Here's an interesting idea to chew on:

Eliminate the current MRV system and simply pool the NPL for all TiVo's on a given LAN into the same list, and handle background transfers seamlessly. Instead of having to select each TiVo from the NPL to browse, they could all share the same NPL, and thus the same pooled storage space. In addition, such a system would also allow for tuner pooling, which would automatically resolve schedule conflicts by finding another TiVo that has an open spot.

Heck you wouldn't even have to eliminate the current MRV system if you don't ant to. When Guided Setup is run the user could elect "Standalone" or "Pooled" operation.

While the current 100Mbps wired Ethernet ports could support such an operation without much issue, I imagine if TiVo elects to use a 1Gbps port and a slightly faster CPU on the Series4 this dream could quite easily become a reality.

The technology and protocols to handle this are partway there already, and such a feature would be an industry-first.

Thoughts?


----------



## wmcbrine (Aug 2, 2003)

The current 100Mbps Ethernet isn't utilized at anywhere near capacity, so there's no reason to contemplate bumping it up yet. There are other bottlenecks to resolve first.


----------



## Omikron (Feb 27, 2006)

wmcbrine said:


> The current 100Mbps Ethernet isn't utilized at anywhere near capacity, so there's no reason to contemplate bumping it up yet. There are other bottlenecks to resolve first.


Perhaps not, but not under normal conditions, but Jamie has been able to get 117Mbps using an AGIGAUSB adapter, a custom kernel, and jumbo frames. I imagine the same optimizations applied there would also apply here.


----------



## DJHall (Nov 20, 2003)

GOD YES! This is the most significant limitation to TiVos at the moment in my opinion. If I have a TiVo, and I want to double my tuners and storage, why can't I just buy a second TiVo and connect it to the first as an expansion rather than a stand alone unit. One Now Playing list, one Season Pass list, one ToDo list, but twice the capability. And not coincidentally... twice the subscription revenue for TiVo.

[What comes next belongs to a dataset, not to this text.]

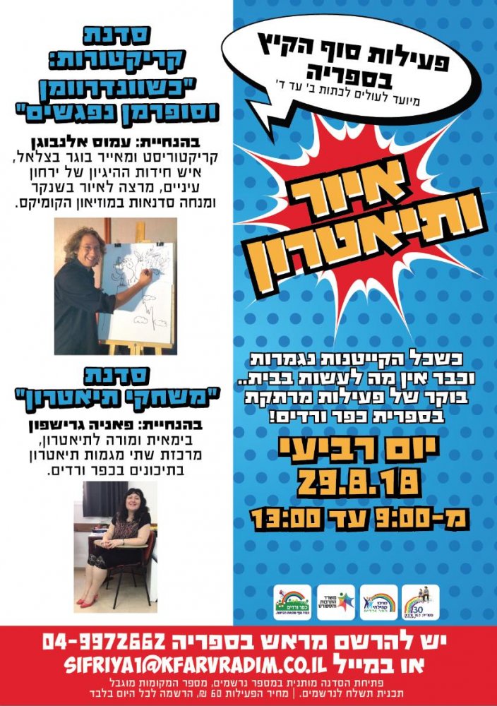 החלה הרשמה לפעילות סוף הקיץ בספריה לילדים העולים לכיתות ב-ד, יום ד' 29/8 9:00-13:00
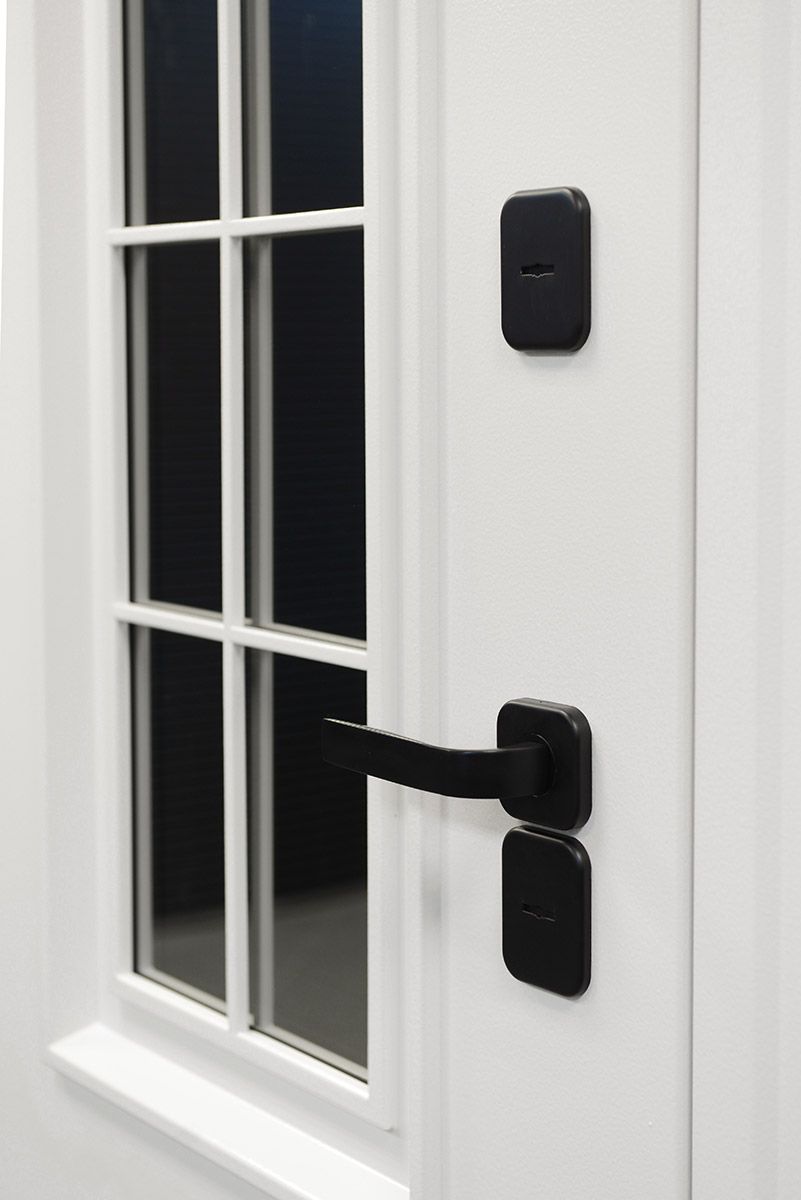 МДФ 10 мм, стеклопакет 2х камерный, внешнее стекло тонировано серебром, металлическая решетка окрашена в цвет наружной отделки

As it is, I have to manually resolve scheduling conflicts and move season passes back and forth between the two TiVos every time a network changes their lineup or moves a show to a new date and/or time. To see what I have to watch I need to check the now playing lists of both TiVo, and since I can pull a show from a remote TiVo but not schedule or delete the recordings remotely, I need to use two inputs on my TV, which means I need to use a swichbox to connect the XBox beause I don't have enough intputs on the TV with the both TiVos and a DVD player. If you have to schedule recordings manually, why pay a premium for TiVos instead of generic DVRs?

Why isn't this getting any attention from TiVo?


----------



## Videodrome (Jun 20, 2008)

Well with True2way coming soon, they could 4 tuners built in, But i like the idea of adding tuners via usb or something. It would better they had expansion modules.


----------



## lrhorer (Aug 31, 2003)

Omikron said:


> The technology and protocols to handle this are partway there already, and such a feature would be an industry-first.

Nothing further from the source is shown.